ASSIGNMENT => The expected result is an exact restatement of the data, free of pictures.

COLLECTED MATERIAL =>
--*--

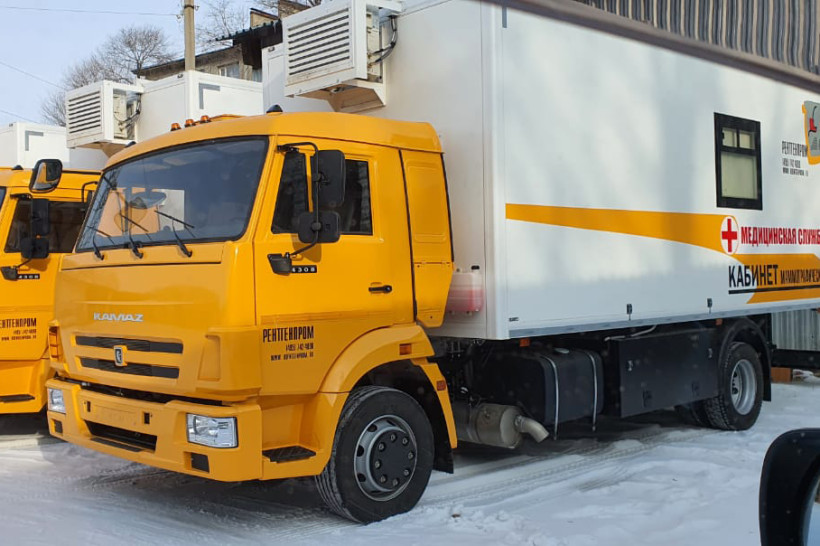 Передвижной маммографический кабинет изготовлен на базе шасси КамАЗа. В каждом автомобиле установлены цифровые маммографы, мебель, рабочее место лаборанта. Предусмотрена работа в любых погодных условиях и круглогодично. Для этого в машине есть входной трап с тепловой завесой над дверью, электрические радиаторы отопления, система кондиционирования воздуха.
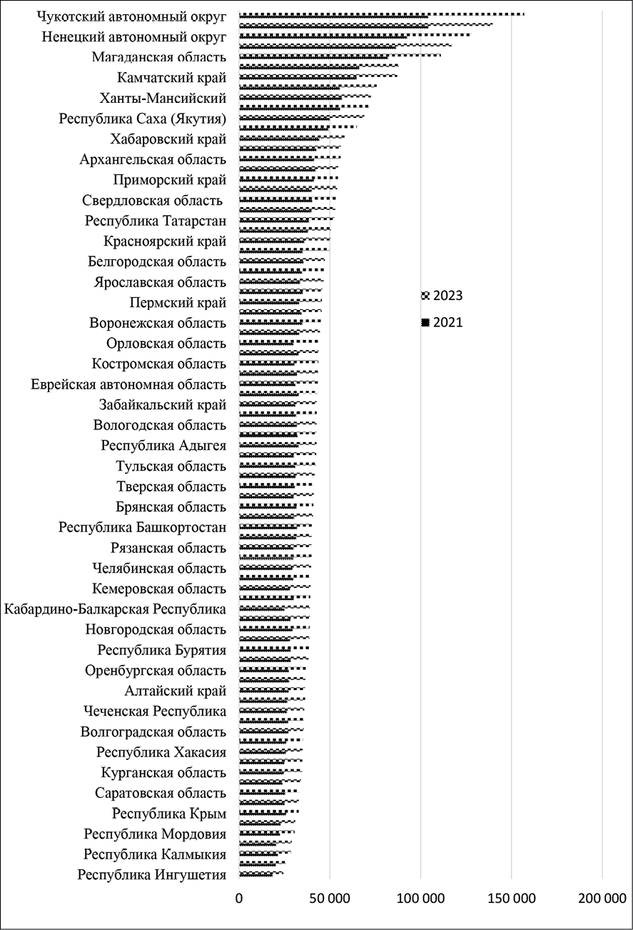 Среднедушевой доход показывает средний уровень дохода на одного члена семьи. Среднедушевой доход населения в России в период с 2021 по 2023 год увеличился в среднем на 24 %, что эквивалентно приросту примерно на 8300 рублей (рис. 3). Этот рост отражает общее повышение уровня доходов граждан, что, с одной стороны, связано с инфляционными процессами, а с другой – с адаптацией экономики к постковидному восстановлению и реализацией ряда государственных мер поддержки.
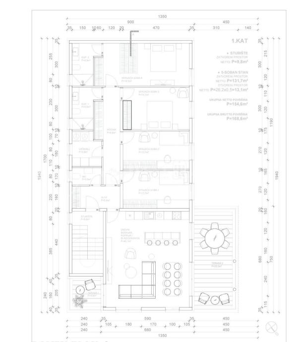Stan čine 4 spavaće sobe, 2 kupaonice, 1 gostinjski wc, vešeraj, dnevni boravak sa blagovaonom i kuhinjom ( open space koncept) iz čijeg prostora se izlazi na jednu veću terasu ( 22,2 m2) i manju terasu ( 4m2). Sa veće terase se silazi u vlastiti dio vrta.

--*--

WRITTEN REPLY =>
 Передвижной маммографический кабинет изготовлен на базе шасси КамАЗа. В каждом автомобиле установлены цифровые маммографы, мебель, рабочее место лаборанта. Предусмотрена работа в любых погодных условиях и круглогодично. Для этого в машине есть входной трап с тепловой завесой над дверью, электрические радиаторы отопления, система кондиционирования воздуха.
 Среднедушевой доход показывает средний уровень дохода на одного члена семьи. Среднедушевой доход населения в России в период с 2021 по 2023 год увеличился в среднем на 24 %, что эквивалентно приросту примерно на 8300 рублей (рис. 3). Этот рост отражает общее повышение уровня доходов граждан, что, с одной стороны, связано с инфляционными процессами, а с другой – с адаптацией экономики к постковидному восстановлению и реализацией ряда государственных мер поддержки.
Stan čine 4 spavaće sobe, 2 kupaonice, 1 gostinjski wc, vešeraj, dnevni boravak sa blagovaonom i kuhinjom ( open space koncept) iz čijeg prostora se izlazi na jednu veću terasu ( 22,2 m2) i manju terasu ( 4m2). Sa veće terase se silazi u vlastiti dio vrta.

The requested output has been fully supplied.